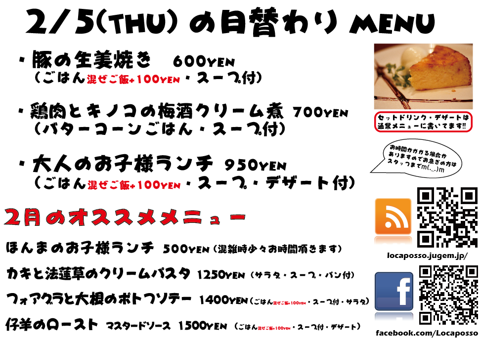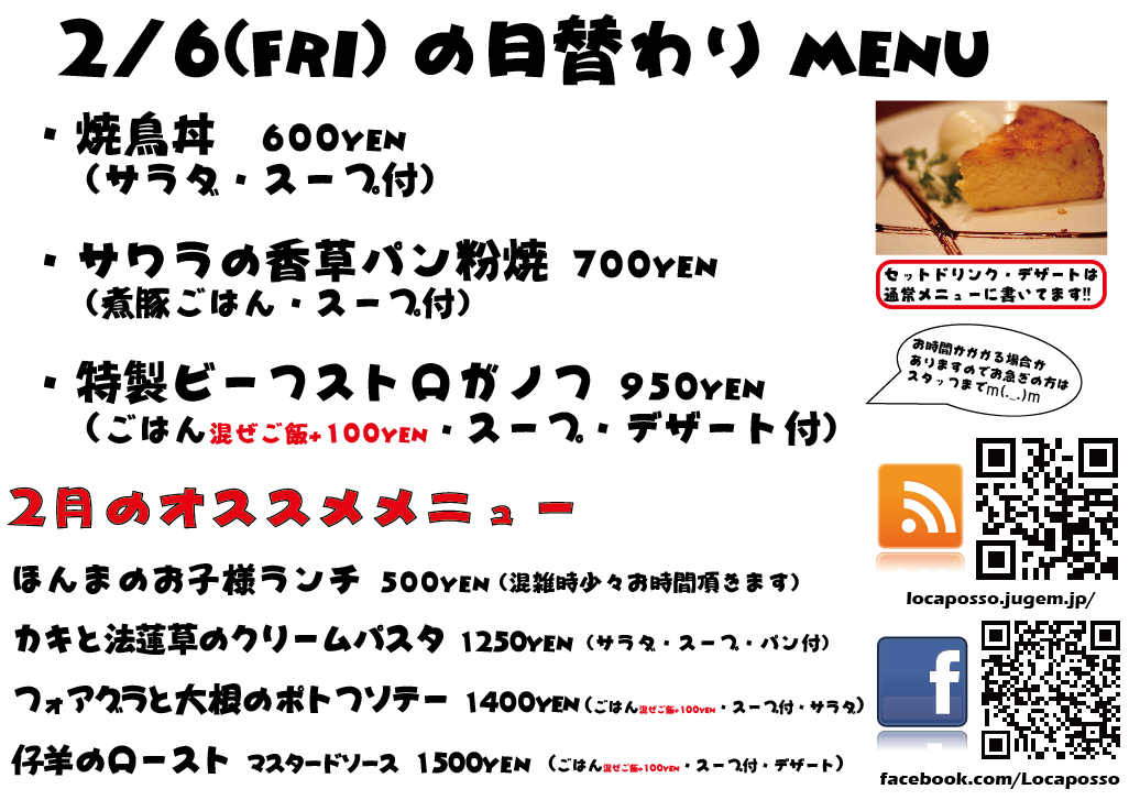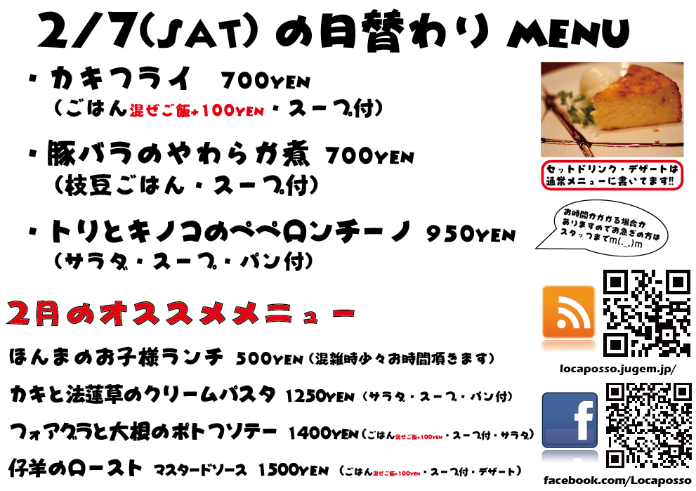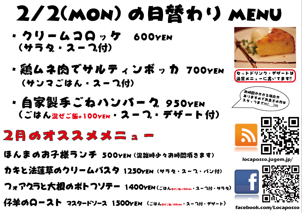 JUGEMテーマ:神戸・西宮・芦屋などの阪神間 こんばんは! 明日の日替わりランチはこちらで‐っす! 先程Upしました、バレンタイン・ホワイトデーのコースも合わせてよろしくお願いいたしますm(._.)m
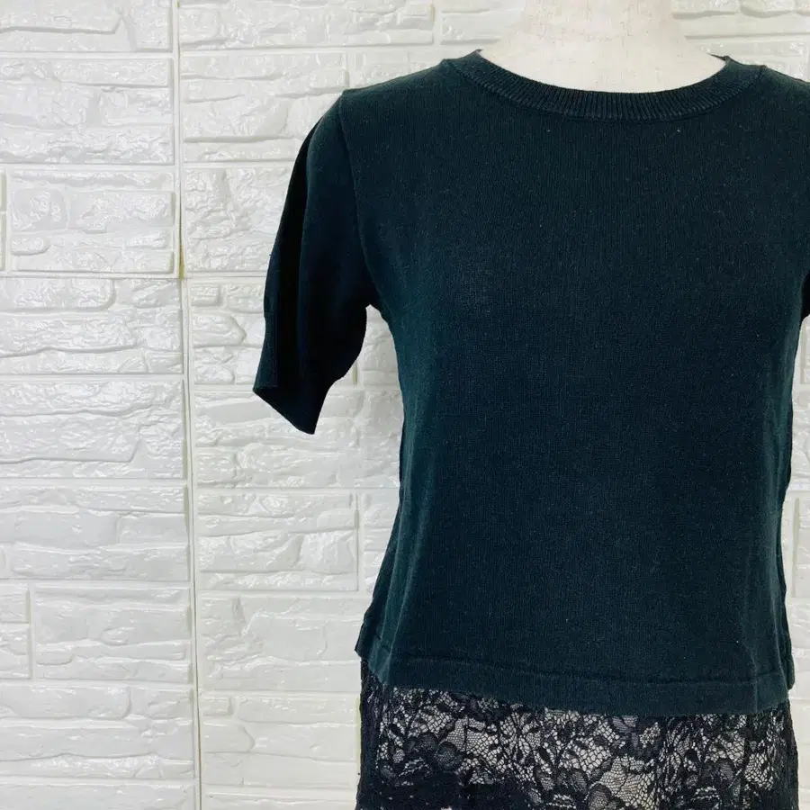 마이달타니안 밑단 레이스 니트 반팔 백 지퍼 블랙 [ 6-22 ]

◇ ◇ ◇ ◇ ◇

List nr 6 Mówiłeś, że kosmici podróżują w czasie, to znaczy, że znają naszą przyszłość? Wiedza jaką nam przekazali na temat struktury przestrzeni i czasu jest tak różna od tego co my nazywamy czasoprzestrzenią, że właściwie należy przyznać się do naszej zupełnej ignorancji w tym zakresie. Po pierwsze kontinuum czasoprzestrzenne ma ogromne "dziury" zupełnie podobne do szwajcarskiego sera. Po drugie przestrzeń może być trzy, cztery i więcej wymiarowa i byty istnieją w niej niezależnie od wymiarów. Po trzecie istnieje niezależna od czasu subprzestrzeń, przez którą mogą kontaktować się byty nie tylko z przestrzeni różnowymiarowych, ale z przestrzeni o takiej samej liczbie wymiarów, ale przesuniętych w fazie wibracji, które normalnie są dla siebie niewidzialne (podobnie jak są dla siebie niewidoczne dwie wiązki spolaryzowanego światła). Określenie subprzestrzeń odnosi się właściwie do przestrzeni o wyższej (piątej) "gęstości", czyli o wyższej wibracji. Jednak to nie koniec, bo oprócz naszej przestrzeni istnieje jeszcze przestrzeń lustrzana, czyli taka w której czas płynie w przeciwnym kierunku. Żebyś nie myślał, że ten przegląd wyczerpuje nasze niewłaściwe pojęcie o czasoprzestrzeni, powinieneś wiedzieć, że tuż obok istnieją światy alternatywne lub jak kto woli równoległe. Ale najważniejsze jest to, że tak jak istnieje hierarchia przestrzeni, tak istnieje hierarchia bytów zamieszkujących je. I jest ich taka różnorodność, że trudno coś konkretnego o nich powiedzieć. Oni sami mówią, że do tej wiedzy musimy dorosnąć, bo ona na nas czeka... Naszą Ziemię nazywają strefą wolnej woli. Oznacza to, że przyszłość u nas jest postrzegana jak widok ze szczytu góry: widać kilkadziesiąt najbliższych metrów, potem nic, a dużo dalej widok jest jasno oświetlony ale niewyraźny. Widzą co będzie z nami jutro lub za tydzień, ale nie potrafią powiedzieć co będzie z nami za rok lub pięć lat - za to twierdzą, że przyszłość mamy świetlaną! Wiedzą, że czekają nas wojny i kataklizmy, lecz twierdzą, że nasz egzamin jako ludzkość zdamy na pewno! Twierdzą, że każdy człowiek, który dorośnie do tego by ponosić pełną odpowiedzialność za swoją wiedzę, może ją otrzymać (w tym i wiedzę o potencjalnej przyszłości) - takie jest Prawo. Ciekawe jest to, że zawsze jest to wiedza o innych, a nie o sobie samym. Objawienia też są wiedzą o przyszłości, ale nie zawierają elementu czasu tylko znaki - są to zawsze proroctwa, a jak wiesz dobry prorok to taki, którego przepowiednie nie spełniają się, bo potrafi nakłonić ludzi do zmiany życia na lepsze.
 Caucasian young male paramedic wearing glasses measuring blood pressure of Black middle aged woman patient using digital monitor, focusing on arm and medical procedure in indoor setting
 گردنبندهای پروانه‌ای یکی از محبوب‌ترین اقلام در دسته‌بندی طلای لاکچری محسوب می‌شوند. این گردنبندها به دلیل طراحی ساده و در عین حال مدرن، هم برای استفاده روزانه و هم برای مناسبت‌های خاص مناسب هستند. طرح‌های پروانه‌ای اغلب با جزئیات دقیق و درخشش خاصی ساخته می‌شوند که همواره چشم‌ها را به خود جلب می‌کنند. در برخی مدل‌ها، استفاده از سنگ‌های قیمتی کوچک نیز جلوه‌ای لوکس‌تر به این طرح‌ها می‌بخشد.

◇ ◇ ◇ ◇ ◇

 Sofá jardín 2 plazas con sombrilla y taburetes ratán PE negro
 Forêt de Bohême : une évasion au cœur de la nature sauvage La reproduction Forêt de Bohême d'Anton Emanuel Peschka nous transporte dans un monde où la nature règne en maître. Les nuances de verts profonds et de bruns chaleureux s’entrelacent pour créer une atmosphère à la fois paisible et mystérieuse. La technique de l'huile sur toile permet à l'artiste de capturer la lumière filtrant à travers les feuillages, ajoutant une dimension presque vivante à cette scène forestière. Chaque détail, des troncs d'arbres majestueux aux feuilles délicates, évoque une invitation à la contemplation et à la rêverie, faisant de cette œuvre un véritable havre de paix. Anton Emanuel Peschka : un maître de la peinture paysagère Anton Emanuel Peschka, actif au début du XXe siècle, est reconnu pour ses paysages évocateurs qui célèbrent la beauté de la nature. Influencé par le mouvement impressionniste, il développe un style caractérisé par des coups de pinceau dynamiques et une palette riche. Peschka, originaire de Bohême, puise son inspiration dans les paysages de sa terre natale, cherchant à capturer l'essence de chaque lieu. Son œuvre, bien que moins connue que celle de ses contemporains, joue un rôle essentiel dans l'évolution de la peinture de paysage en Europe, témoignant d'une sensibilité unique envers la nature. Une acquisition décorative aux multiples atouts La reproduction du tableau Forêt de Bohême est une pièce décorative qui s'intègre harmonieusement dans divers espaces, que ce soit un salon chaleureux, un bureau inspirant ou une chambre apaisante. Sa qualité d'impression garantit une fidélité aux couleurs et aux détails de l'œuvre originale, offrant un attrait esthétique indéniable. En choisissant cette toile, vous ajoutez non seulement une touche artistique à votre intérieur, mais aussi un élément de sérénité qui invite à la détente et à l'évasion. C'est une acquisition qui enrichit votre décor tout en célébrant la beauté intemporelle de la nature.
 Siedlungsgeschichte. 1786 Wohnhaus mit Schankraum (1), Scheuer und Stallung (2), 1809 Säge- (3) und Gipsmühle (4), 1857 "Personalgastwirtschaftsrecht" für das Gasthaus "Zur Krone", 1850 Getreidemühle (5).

◇ ◇ ◇ ◇ ◇

▸ **WHAT TO PRODUCE**: In the records above, find the line with "JUGEMテーマ:神戸・西宮・芦屋などの阪神間 こんばんは! 明日の日替わりランチはこちらで‐っす!" and the line with "마이달타니안 밑단 레이스 니트 반팔 백 지퍼 블랙 [ 6-22 ]"; please transcribe exactly those two lines and all lines between them, omitting any picture.

▸ **WRITTEN ANSWER**:
 JUGEMテーマ:神戸・西宮・芦屋などの阪神間 こんばんは! 明日の日替わりランチはこちらで‐っす! 先程Upしました、バレンタイン・ホワイトデーのコースも合わせてよろしくお願いいたしますm(._.)m
 마이달타니안 밑단 레이스 니트 반팔 백 지퍼 블랙 [ 6-22 ]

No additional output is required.